Nice! I am interested in hearing about the ride quality as well.


----------



## brianb21 (Jul 21, 2010)

I will put up a ride review tomorrow. Doing our normal ride up Mt Lemmon tomorrow so will get some good decent time on it also!


----------



## brianb21 (Jul 21, 2010)

So i got a great 26 mile ride in this morning. I will say i really like this bike. It is stable, predictable and rides nice. I am completly pleased with my decision with the Allez. It will be a great bike to have in the stable and i hope to try a few crits next season on it!


----------



## tyrich88 (Jul 12, 2013)

I'm glad you like it! I am waiting on my size to come available in this same frame so I can build one up! I've been waiting for a little while now, I test rode one that my buddy owns and holy cow! I cannot wait for this frame to come in! So stoked!

Oh and how do you like those roval wheels? Been looking into them form my wife's bike.


----------



## brianb21 (Jul 21, 2010)

tyrich88 said:


> I'm glad you like it! I am waiting on my size to come available in this same frame so I can build one up! I've been waiting for a little while now, I test rode one that my buddy owns and holy cow! I cannot wait for this frame to come in! So stoked!
> 
> Oh and how do you like those roval wheels? Been looking into them form my wife's bike.

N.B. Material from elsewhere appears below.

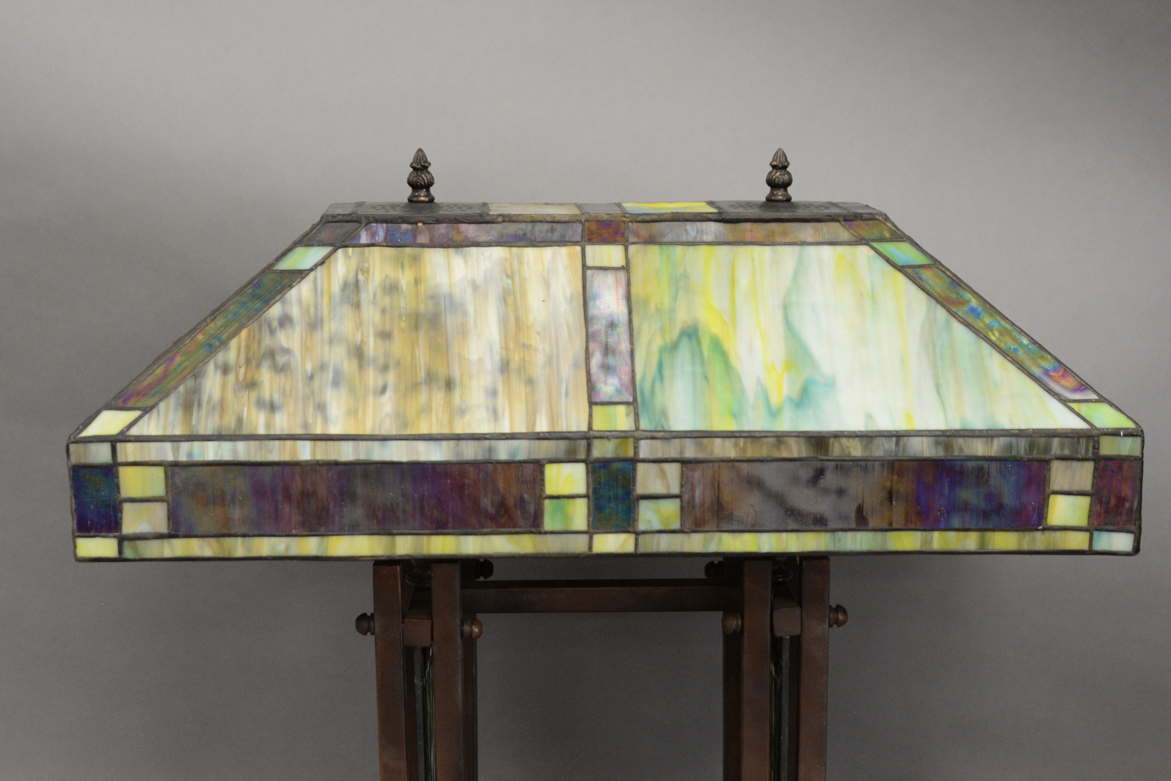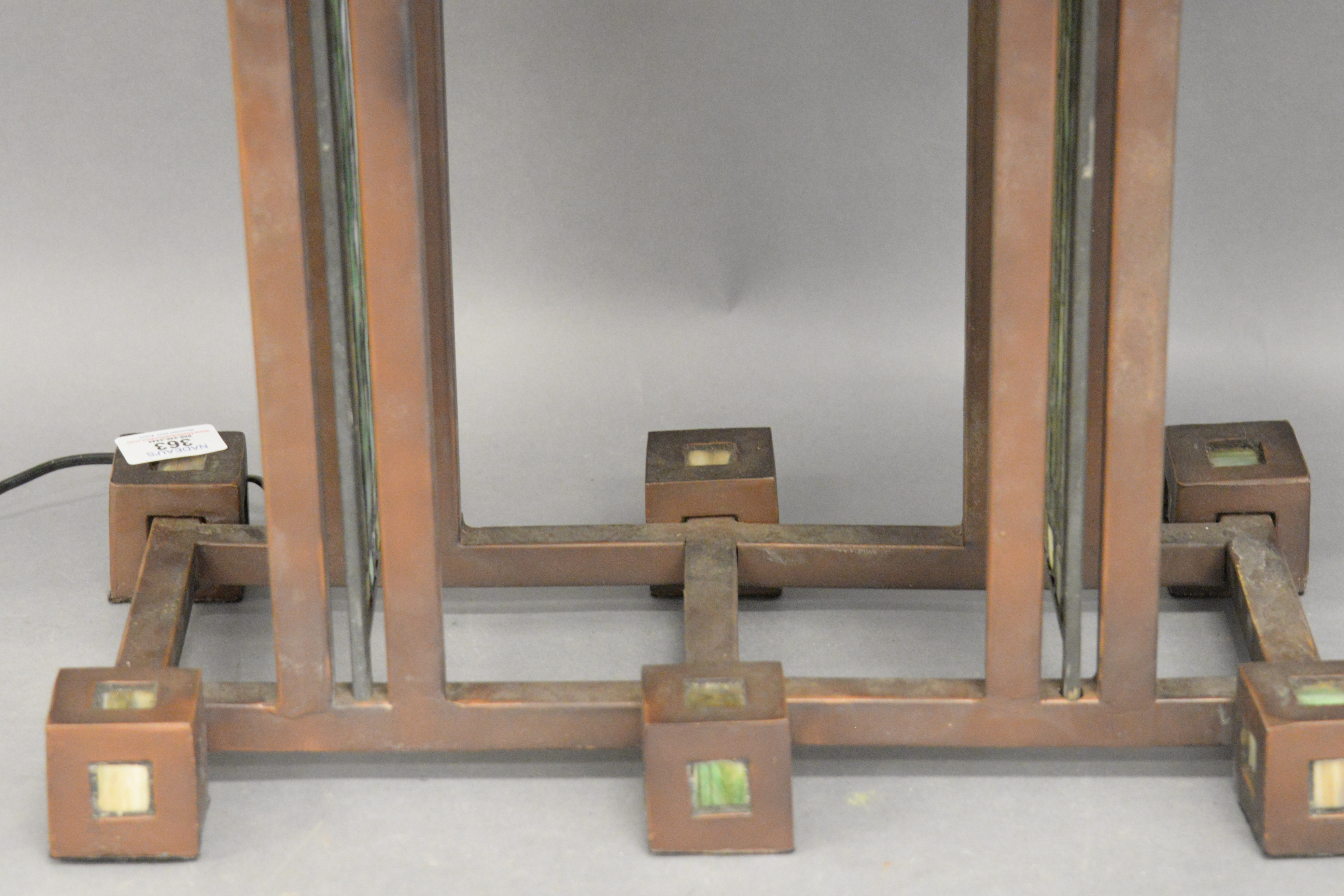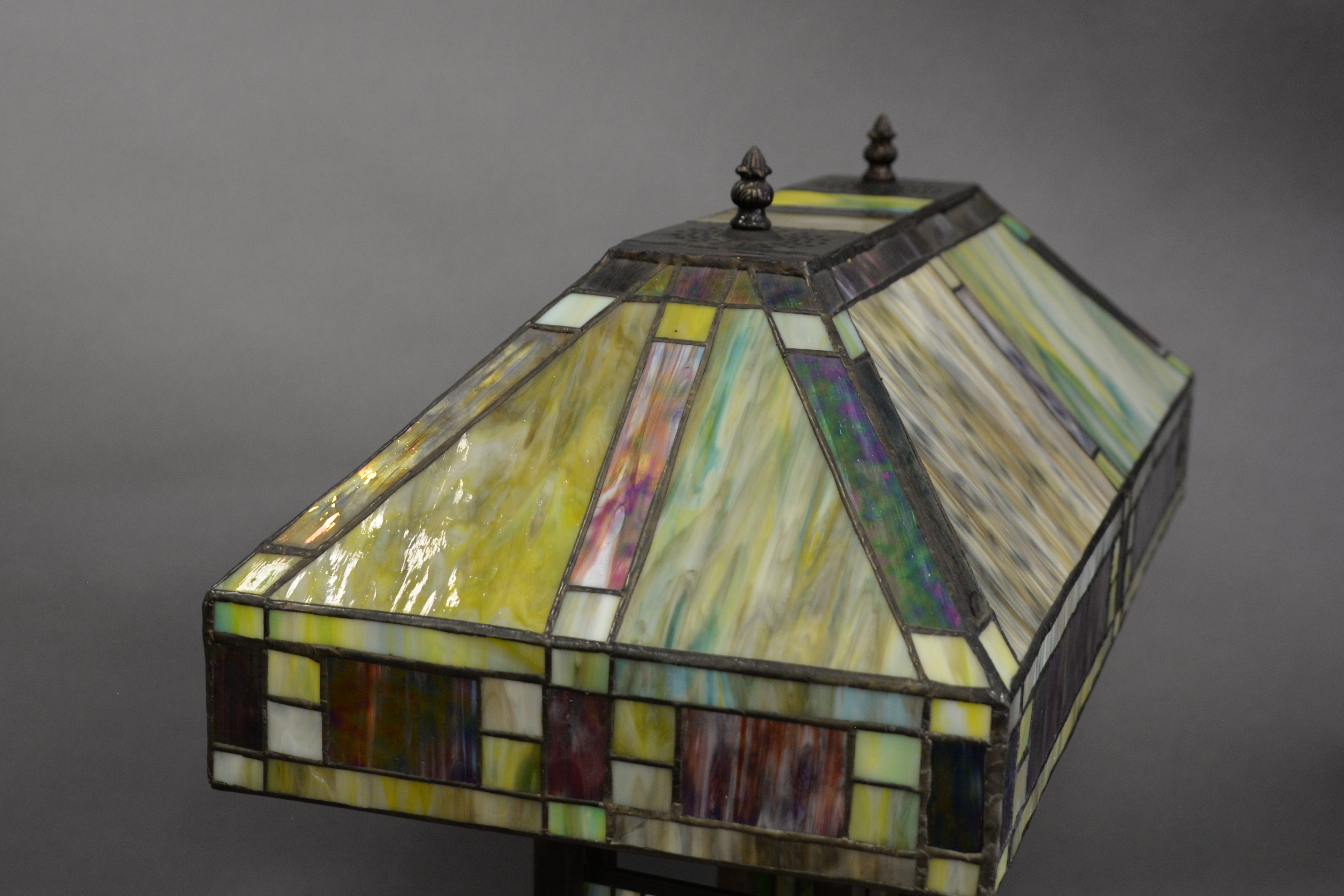 Arts And Crafts Double Slag Glass, table lamp having copper mission style base with square feet with slag glass panels, rectangular shade, height 27 inches, length 17 1/2 inches

The wheels are great i got them from someone who upgraded to the carbon. They are smooth and since he took off all of the stickers they look good! This is going to be a great bike to have i really like riding it! I hope yours comes in soon mine just showed up i was told the end of May and i got it April 21st.


----------



## brianb21 (Jul 21, 2010)

I have got a few more rides in on the Aleez. What a great bike to have i really enjoy it. I finally got a pic out on one of the rides!


----------



## tyrich88 (Jul 12, 2013)

My frame finally came in last week! I have it built up now and all i'm lacking until it is completely done is a carbon seatpost and new saddle. (I will also be adding carbon cranks soon)
But I will post pictures soon!


----------



## tyrich88 (Jul 12, 2013)

Well... I got a chance to take a pic at lunch
So... Here she is!


----------



## brianb21 (Jul 21, 2010)

tyrich88 said:


> Well... I got a chance to take a pic at lunch
> So... Here she is!
> View attachment 295657


That looks awesome! Great job on the build!


----------



## Rashadabd (Sep 17, 2011)

tyrich88 said:


> Well... I got a chance to take a pic at lunch
> So... Here she is!
> View attachment 295657


Very nice man, it looks great. Is that a size 52cm? How does it ride (it sounds like you were thinking if it rides the way you think, this might be the end of the relationship for you and carbon)?


----------



## George M (Sep 25, 2008)

tyrich88 said:


> Well... I got a chance to take a pic at lunch
> So... Here she is!
> View attachment 295657


Good looking bike, but if my saddle was that much nose down, it would kill my arms. Have fun with the new ride.


----------



## tyrich88 (Jul 12, 2013)

The bike is sweet and for the record I haven't adjusted the saddle or anything. I've only had the time to ride it down the block and back to get the tuning done. But it's super smooth. I will update more after I get a test ride or two in. And once I get my last couple of parts to finish out the build. I will also do a parts breakdown if anyone is interested. Hopefully I can weigh it soon too.


----------